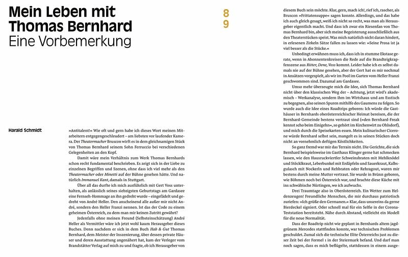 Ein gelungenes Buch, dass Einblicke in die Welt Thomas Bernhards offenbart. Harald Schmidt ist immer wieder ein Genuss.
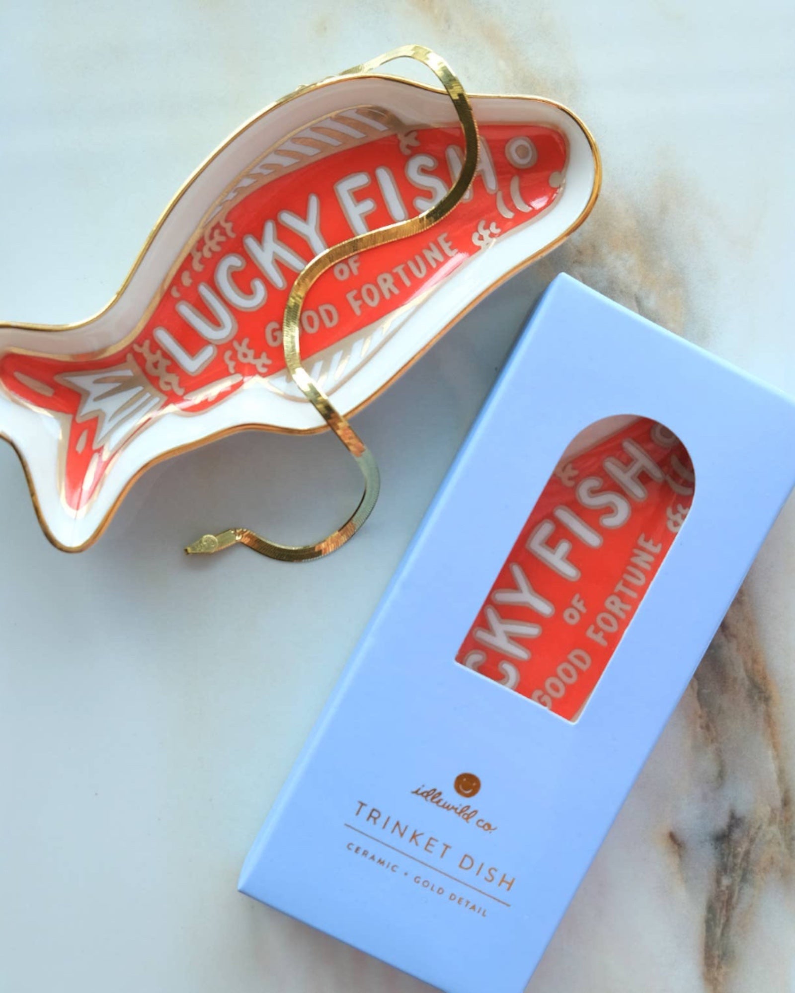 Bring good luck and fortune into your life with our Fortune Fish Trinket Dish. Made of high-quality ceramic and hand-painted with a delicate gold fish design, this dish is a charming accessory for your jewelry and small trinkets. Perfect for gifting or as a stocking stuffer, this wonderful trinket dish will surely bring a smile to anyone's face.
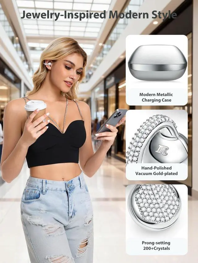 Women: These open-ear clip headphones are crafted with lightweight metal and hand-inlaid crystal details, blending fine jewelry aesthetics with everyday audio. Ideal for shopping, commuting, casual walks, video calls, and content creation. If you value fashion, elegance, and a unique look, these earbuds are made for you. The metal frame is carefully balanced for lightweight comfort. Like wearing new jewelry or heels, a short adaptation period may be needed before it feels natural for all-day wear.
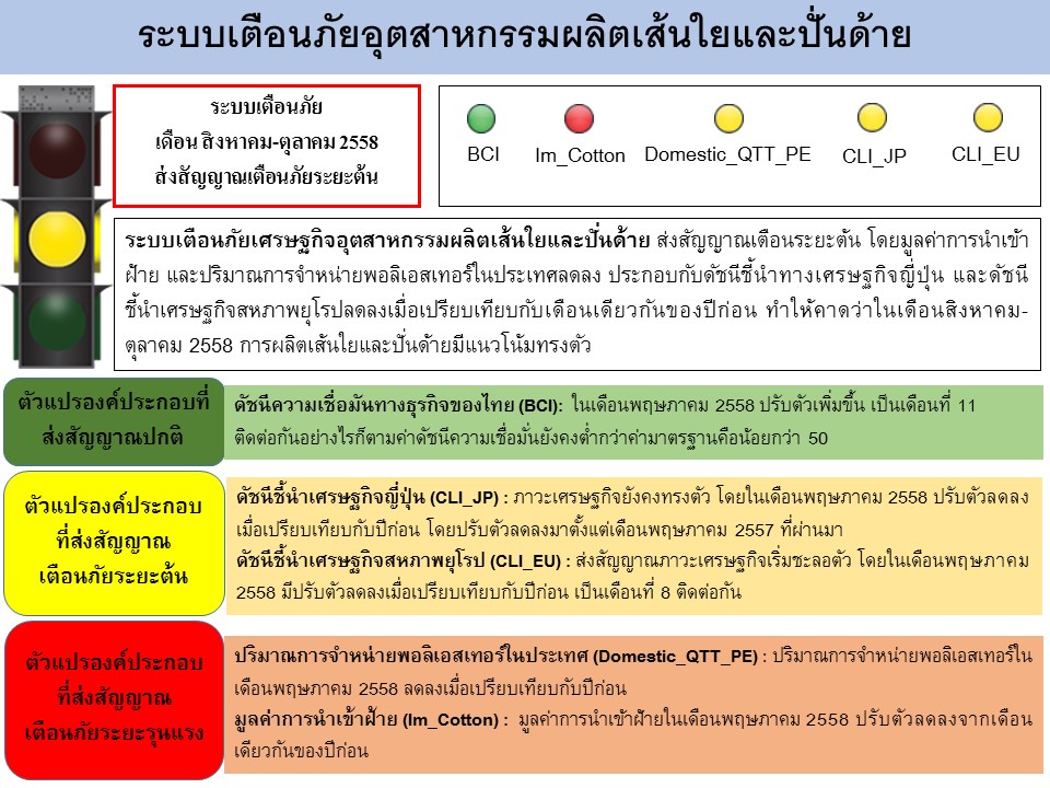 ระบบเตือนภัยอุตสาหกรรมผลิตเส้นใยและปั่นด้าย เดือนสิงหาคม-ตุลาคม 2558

» **Exercise requirements**
What you produce must match the listing word for word, with no images in it.

» **Answer section**
 Ein gelungenes Buch, dass Einblicke in die Welt Thomas Bernhards offenbart. Harald Schmidt ist immer wieder ein Genuss.
 Bring good luck and fortune into your life with our Fortune Fish Trinket Dish. Made of high-quality ceramic and hand-painted with a delicate gold fish design, this dish is a charming accessory for your jewelry and small trinkets. Perfect for gifting or as a stocking stuffer, this wonderful trinket dish will surely bring a smile to anyone's face.
 Women: These open-ear clip headphones are crafted with lightweight metal and hand-inlaid crystal details, blending fine jewelry aesthetics with everyday audio. Ideal for shopping, commuting, casual walks, video calls, and content creation. If you value fashion, elegance, and a unique look, these earbuds are made for you. The metal frame is carefully balanced for lightweight comfort. Like wearing new jewelry or heels, a short adaptation period may be needed before it feels natural for all-day wear.
 ระบบเตือนภัยอุตสาหกรรมผลิตเส้นใยและปั่นด้าย เดือนสิงหาคม-ตุลาคม 2558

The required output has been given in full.